May is Lyme Disease Awareness Month, when sufferers and their supporters come together to share their stories with the world, in hope of raising awareness and finding a cure for the illness and its co-infections that have impacted their lives.

Kelly is one of the hundreds of thousands of those individuals.


My name is Kelly Fincher. I am 28 years old and I have suffered with chronic Lyme disease and its co-infections for more than 12 years.

I grew up in a small town called Jackson, South Carolina. I can vividly recall the majority of my childhood being spent outdoors. Whether I was in the yard with my brother, fishing with my father or camping with my entire family, I seemed to enjoy the time I spent in nature more than anything else. I loved exploring the woods, hiking, canoeing, riding bikes, roller blading, swimming – you name it. My fondest memories were those of the nature trail behind our neighborhood; the neighborhood kids, my best friend, my brother and I would explore it nearly every day.

Unfortunately, I never had the absolution of a telltale Lyme disease symptom – no bulls eye-shaped rash… or a tick that could be removed and sent away for analysis… or that most coveted of commodities to Lyme patients: concrete answers.

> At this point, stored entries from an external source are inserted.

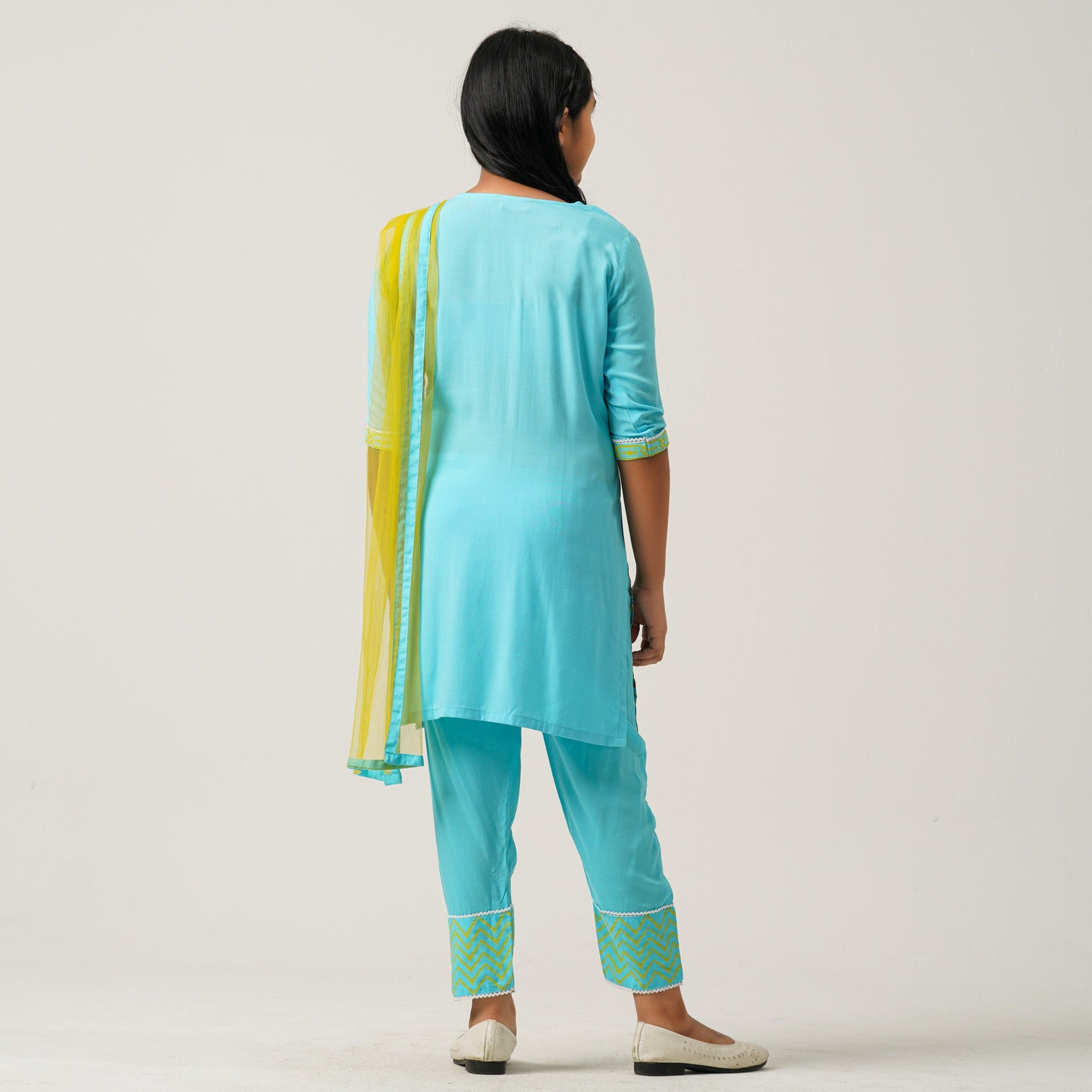Elegant three piece linen set for girls featuring placement block prints and delicate beadwork. The breathable fabric ensures all-day comfort, while the detailed design adds a festive charm perfect for any celebrations.
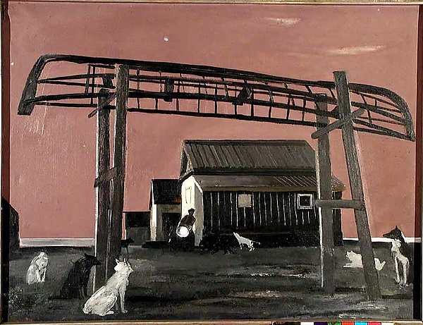 На переднем плане композиции изображены две вертикальные бревенчатые опоры, на верхней части которых расположен остов большой лодки, протянутый по горизонтали холста. У правой опоры находятся две собаки — чёрная сидит, белая лежит; у левой опоры — три собаки, из которых две белые и одна чёрная между ними. На втором плане, за опорами, размещены три небольших дома. У крыльца ближайшего дома стоит женщина с тазом, к которой подбежали четыре чёрные и одна белая собака. Земля и опоры выполнены в тёмно-серой цветовой гамме. Картина отличается вниманием к деталям в изображении животных, что характерно для анималистического жанра.
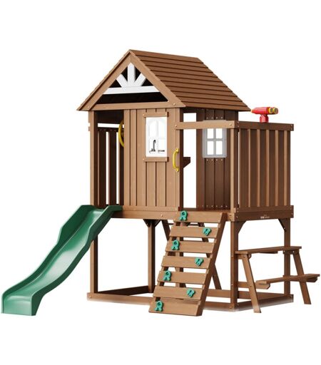 Cabane de jeux extérieure en bois Cette maisonnette en bois est spécialement conçue pour les enfants de 2 à 10 ans. Elle offre un espace de divertissement spacieux pouvant accueillir plusieurs enfants à la fois, stimulant ainsi une imagination sans limite. Elle comprend une aire de jeux multifonctionnelle avec une échelle d'escalade, un toboggan et un mur d'escalade, encourageant le courage et la sagesse chez les enfants. La table de pique-nique et les chaises favorisent l'amitié et le partage pendant les récréations. De plus, elle est livrée avec une variété d'accessoires amusants : un télescope pour explorer l'inconnu, un jouet de cuisinière et d'évier simulé et un ensemble d'ustensiles de cuisine, transformant les enfants en petits chefs pour découvrir la joie de vivre. Fabriqué en bois de cèdre naturel, il est écologique et durable, avec un traitement de peinture à base d'eau pour l'extérieur qui assure une protection même les jours de pluie. Espace de divertissement spacieux ...
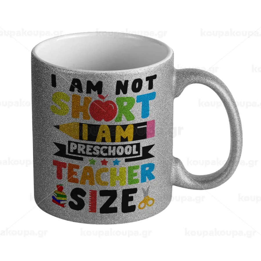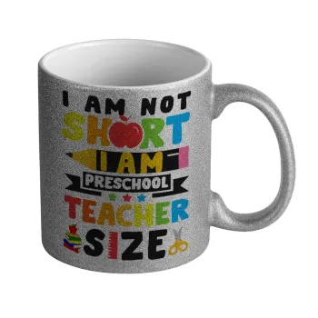 I Am Not Short I Am Preschool Teacher Size, Κούπα Ασημένια Glitter που γυαλίζει, κεραμική, 330ml
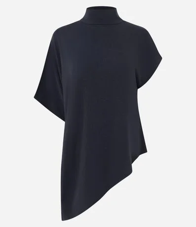 Blusa feminina em tricô confeccionado com viscose mais sustentável. Possui gola alta ajustada, mangas curtas estilo capa, modelagem assimétrica com barra diagonal e costura central nas costas.
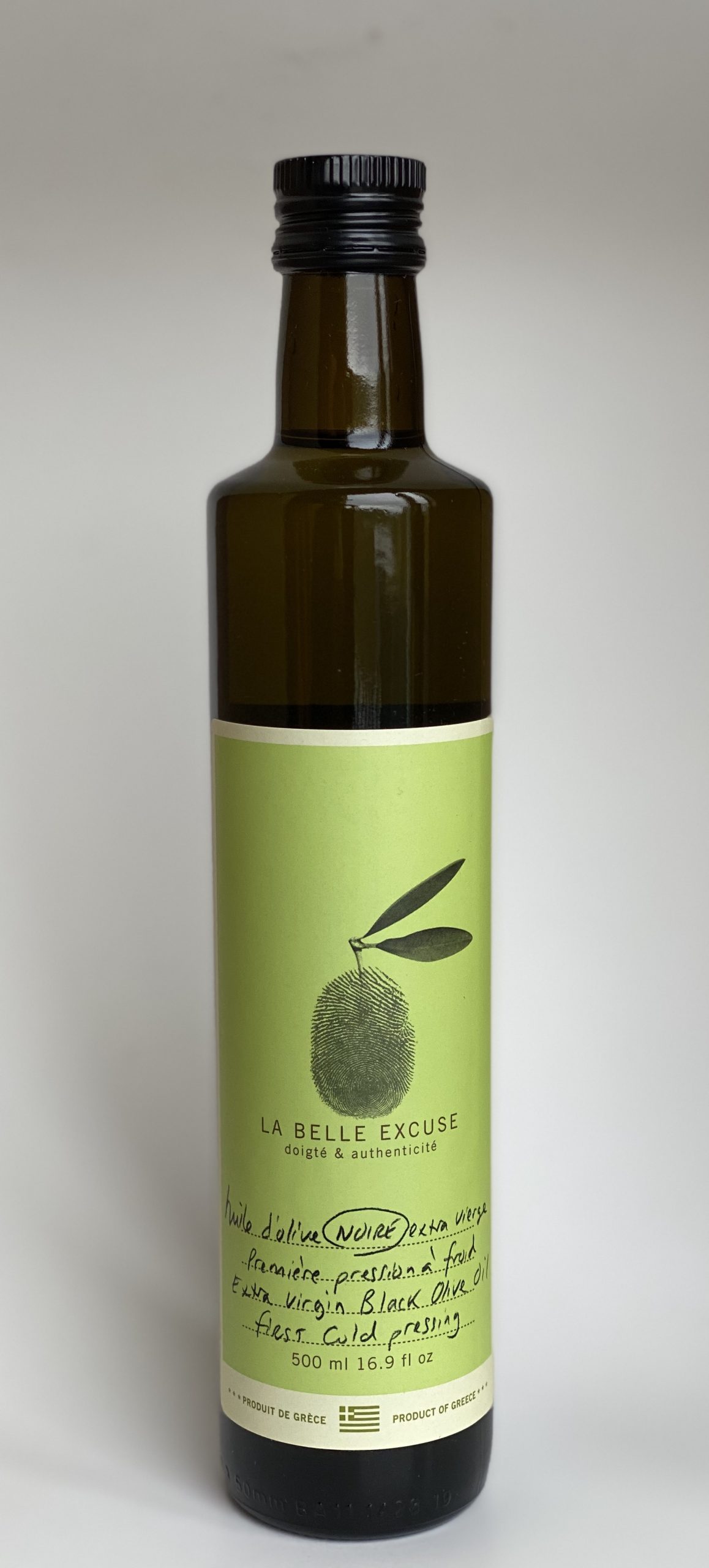 Cette belle excuse est faite d’olives noires Mavrolïa, cueillies à jeune maturité vers la fin octobre et pressées le même jour. Grâce à son climat et à la richesse de son terroir, la région de Trifilia produit des olives exceptionnelles qui donnent une huile d’une saveur particulière, présentant moins de 0,3% d’acidité. Cette huile non filtrée décante naturellement durant deux mois, ce qui permet d’éliminer tout résidu nuisible à la cuisson. LA BELLE EXCUSE vous propose ainsi une huile d’olive noire extra vierge digne d’un grand cru, qui se prête à maintes utilisations.

We kids would come home with all sorts of bites, rashes, and scrapes from the day’s adventures. Who didn’t?

After growing up with what seemed to be comparatively uncommon ailments, in both amount and frequency, I muddled through my adolescence, confused about what afflictions were unique to my situation and what was considered “normal” physical and mental issues for someone my age to deal with. I attribute my delayed diagnosis to this challenging time in my life, along with a total absence of information about my illness. My life went on this way until I reached a point in my senior year of high school, when I could no longer ignore my symptoms, regardless of the cause. The only thing I was certain of was that something was definitely wrong with me and that I needed help.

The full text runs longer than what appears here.